▸ **BRIEF**
Your answer must be only the lines below from the one containing "管理加盟情况:当前,国内连锁" through the one containing "Princess 183001 Edelstahl", copied exactly, with the pictures left out.

▸ **RECORD EXTRACTS**
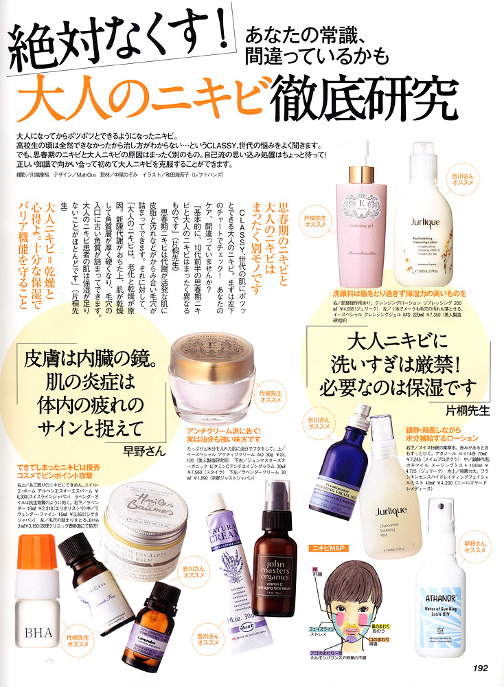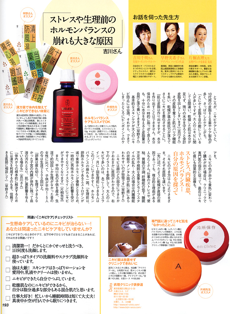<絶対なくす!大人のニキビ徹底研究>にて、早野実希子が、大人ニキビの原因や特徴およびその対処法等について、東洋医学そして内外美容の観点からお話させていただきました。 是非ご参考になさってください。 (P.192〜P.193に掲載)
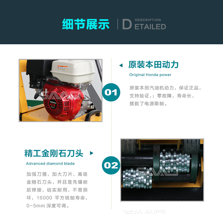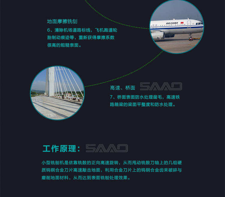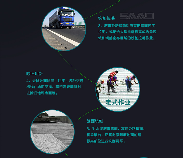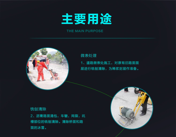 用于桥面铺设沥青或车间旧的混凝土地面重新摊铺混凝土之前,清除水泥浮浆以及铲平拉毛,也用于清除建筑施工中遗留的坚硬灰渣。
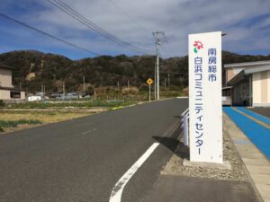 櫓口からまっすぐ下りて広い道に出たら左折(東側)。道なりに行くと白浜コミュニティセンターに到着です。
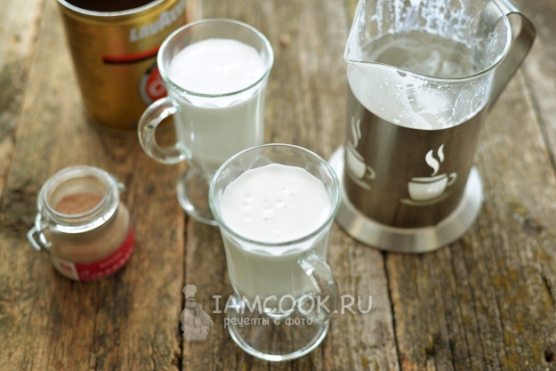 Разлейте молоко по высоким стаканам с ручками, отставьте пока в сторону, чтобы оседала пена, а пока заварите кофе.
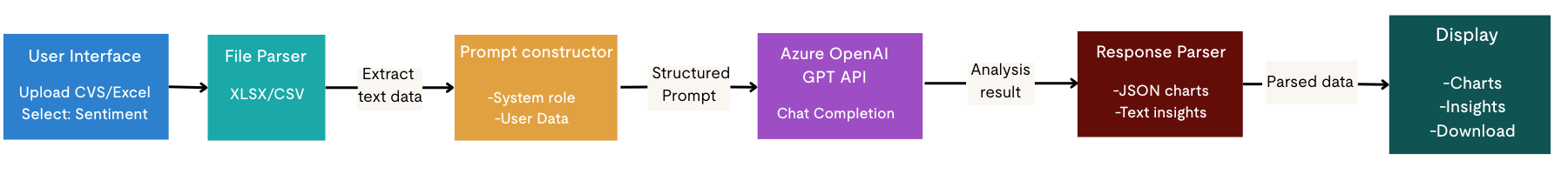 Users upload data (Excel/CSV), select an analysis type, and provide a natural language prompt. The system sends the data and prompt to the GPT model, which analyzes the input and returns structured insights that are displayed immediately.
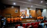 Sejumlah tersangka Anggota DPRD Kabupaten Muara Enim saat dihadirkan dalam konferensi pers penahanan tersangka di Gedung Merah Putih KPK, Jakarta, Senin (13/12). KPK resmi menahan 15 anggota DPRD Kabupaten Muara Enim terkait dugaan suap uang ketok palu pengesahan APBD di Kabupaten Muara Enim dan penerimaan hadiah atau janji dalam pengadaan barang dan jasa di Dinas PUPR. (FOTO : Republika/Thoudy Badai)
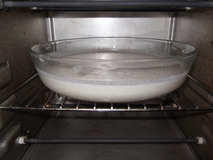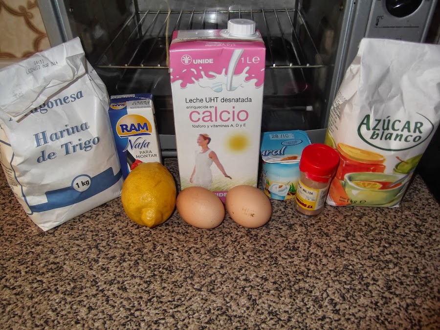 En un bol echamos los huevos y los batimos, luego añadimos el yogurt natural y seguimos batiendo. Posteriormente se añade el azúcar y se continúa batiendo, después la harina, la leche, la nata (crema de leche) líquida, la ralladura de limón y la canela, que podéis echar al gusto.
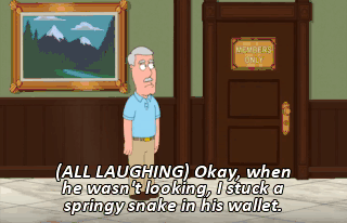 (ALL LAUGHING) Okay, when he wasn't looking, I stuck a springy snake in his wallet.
---
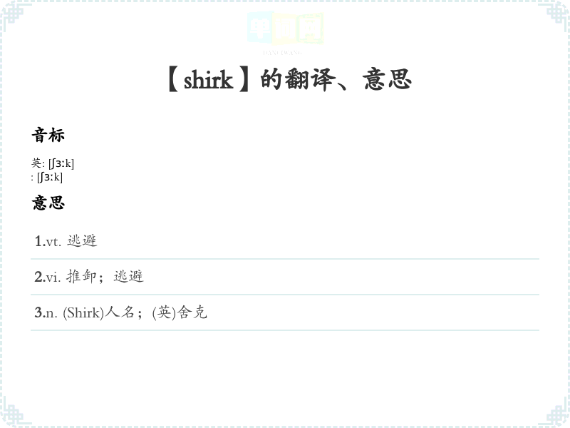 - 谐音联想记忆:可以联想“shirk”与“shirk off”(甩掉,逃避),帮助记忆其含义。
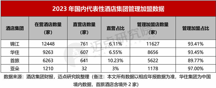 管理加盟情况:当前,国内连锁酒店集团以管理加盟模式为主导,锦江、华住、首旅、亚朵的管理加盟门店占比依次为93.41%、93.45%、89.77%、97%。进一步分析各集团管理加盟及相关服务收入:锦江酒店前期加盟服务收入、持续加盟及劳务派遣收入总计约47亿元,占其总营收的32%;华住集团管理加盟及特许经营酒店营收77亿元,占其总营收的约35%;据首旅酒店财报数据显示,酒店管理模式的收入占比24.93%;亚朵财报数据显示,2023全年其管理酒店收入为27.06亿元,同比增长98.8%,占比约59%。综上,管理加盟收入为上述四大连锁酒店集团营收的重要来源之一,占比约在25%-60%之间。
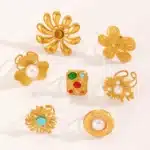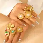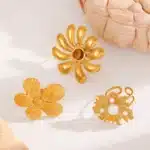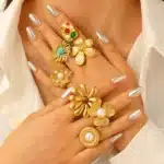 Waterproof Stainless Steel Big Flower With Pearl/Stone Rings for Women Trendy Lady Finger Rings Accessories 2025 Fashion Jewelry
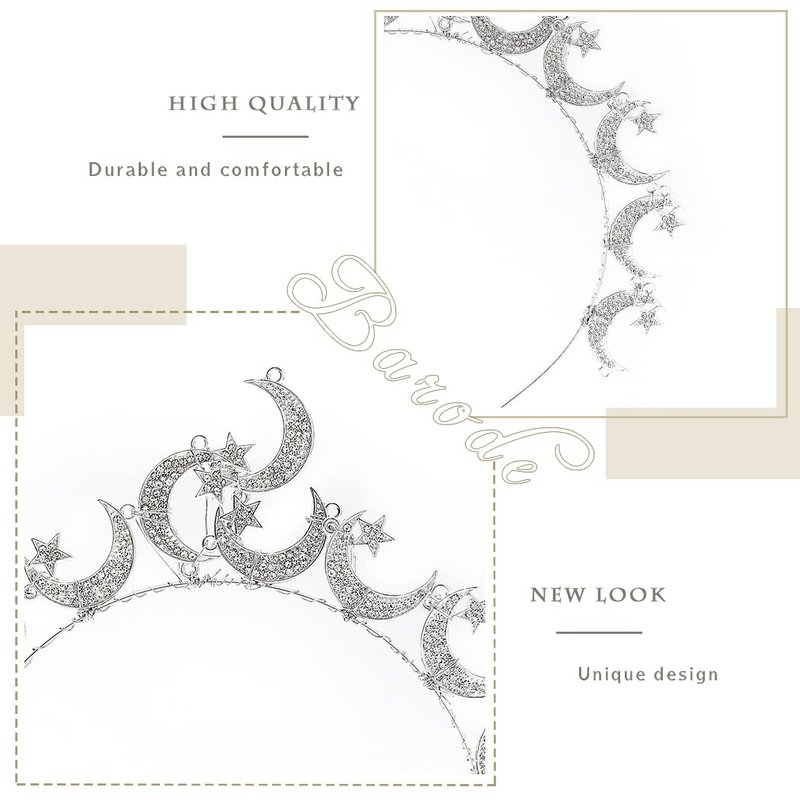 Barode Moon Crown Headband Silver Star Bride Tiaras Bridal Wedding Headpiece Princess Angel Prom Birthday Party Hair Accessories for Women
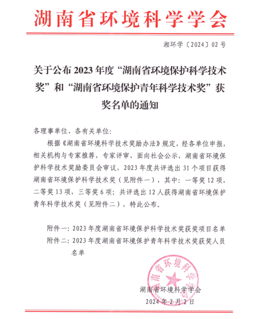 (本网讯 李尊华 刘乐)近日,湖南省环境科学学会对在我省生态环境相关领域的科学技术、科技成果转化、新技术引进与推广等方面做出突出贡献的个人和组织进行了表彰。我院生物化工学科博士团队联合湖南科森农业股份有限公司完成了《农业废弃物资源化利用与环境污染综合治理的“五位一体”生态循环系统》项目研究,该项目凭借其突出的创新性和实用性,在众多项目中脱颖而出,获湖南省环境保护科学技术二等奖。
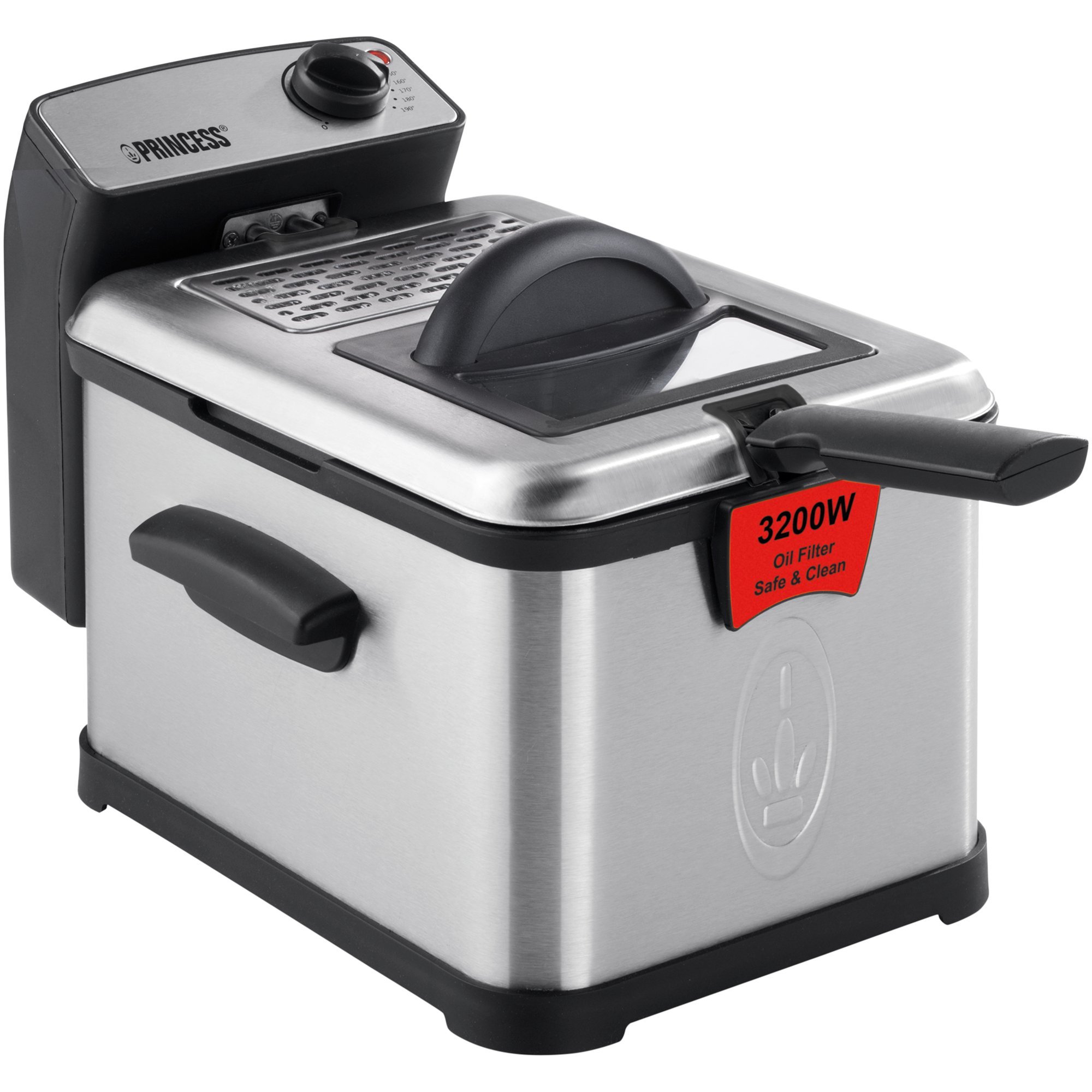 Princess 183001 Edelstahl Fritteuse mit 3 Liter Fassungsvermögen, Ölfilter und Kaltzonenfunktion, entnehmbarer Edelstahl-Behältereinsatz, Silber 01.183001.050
--
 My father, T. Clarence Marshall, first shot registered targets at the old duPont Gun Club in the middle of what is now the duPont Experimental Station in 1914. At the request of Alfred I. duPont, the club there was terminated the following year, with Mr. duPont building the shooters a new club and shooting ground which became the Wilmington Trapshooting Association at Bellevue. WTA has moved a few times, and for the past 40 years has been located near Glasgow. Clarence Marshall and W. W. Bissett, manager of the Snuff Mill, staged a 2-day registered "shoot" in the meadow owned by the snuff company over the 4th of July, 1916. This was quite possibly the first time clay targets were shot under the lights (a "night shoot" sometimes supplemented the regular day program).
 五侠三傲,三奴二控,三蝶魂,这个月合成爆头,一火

▸ **THE ANSWER**
 管理加盟情况:当前,国内连锁酒店集团以管理加盟模式为主导,锦江、华住、首旅、亚朵的管理加盟门店占比依次为93.41%、93.45%、89.77%、97%。进一步分析各集团管理加盟及相关服务收入:锦江酒店前期加盟服务收入、持续加盟及劳务派遣收入总计约47亿元,占其总营收的32%;华住集团管理加盟及特许经营酒店营收77亿元,占其总营收的约35%;据首旅酒店财报数据显示,酒店管理模式的收入占比24.93%;亚朵财报数据显示,2023全年其管理酒店收入为27.06亿元,同比增长98.8%,占比约59%。综上,管理加盟收入为上述四大连锁酒店集团营收的重要来源之一,占比约在25%-60%之间。
 Waterproof Stainless Steel Big Flower With Pearl/Stone Rings for Women Trendy Lady Finger Rings Accessories 2025 Fashion Jewelry
 Barode Moon Crown Headband Silver Star Bride Tiaras Bridal Wedding Headpiece Princess Angel Prom Birthday Party Hair Accessories for Women
 (本网讯 李尊华 刘乐)近日,湖南省环境科学学会对在我省生态环境相关领域的科学技术、科技成果转化、新技术引进与推广等方面做出突出贡献的个人和组织进行了表彰。我院生物化工学科博士团队联合湖南科森农业股份有限公司完成了《农业废弃物资源化利用与环境污染综合治理的“五位一体”生态循环系统》项目研究,该项目凭借其突出的创新性和实用性,在众多项目中脱颖而出,获湖南省环境保护科学技术二等奖。
 Princess 183001 Edelstahl Fritteuse mit 3 Liter Fassungsvermögen, Ölfilter und Kaltzonenfunktion, entnehmbarer Edelstahl-Behältereinsatz, Silber 01.183001.050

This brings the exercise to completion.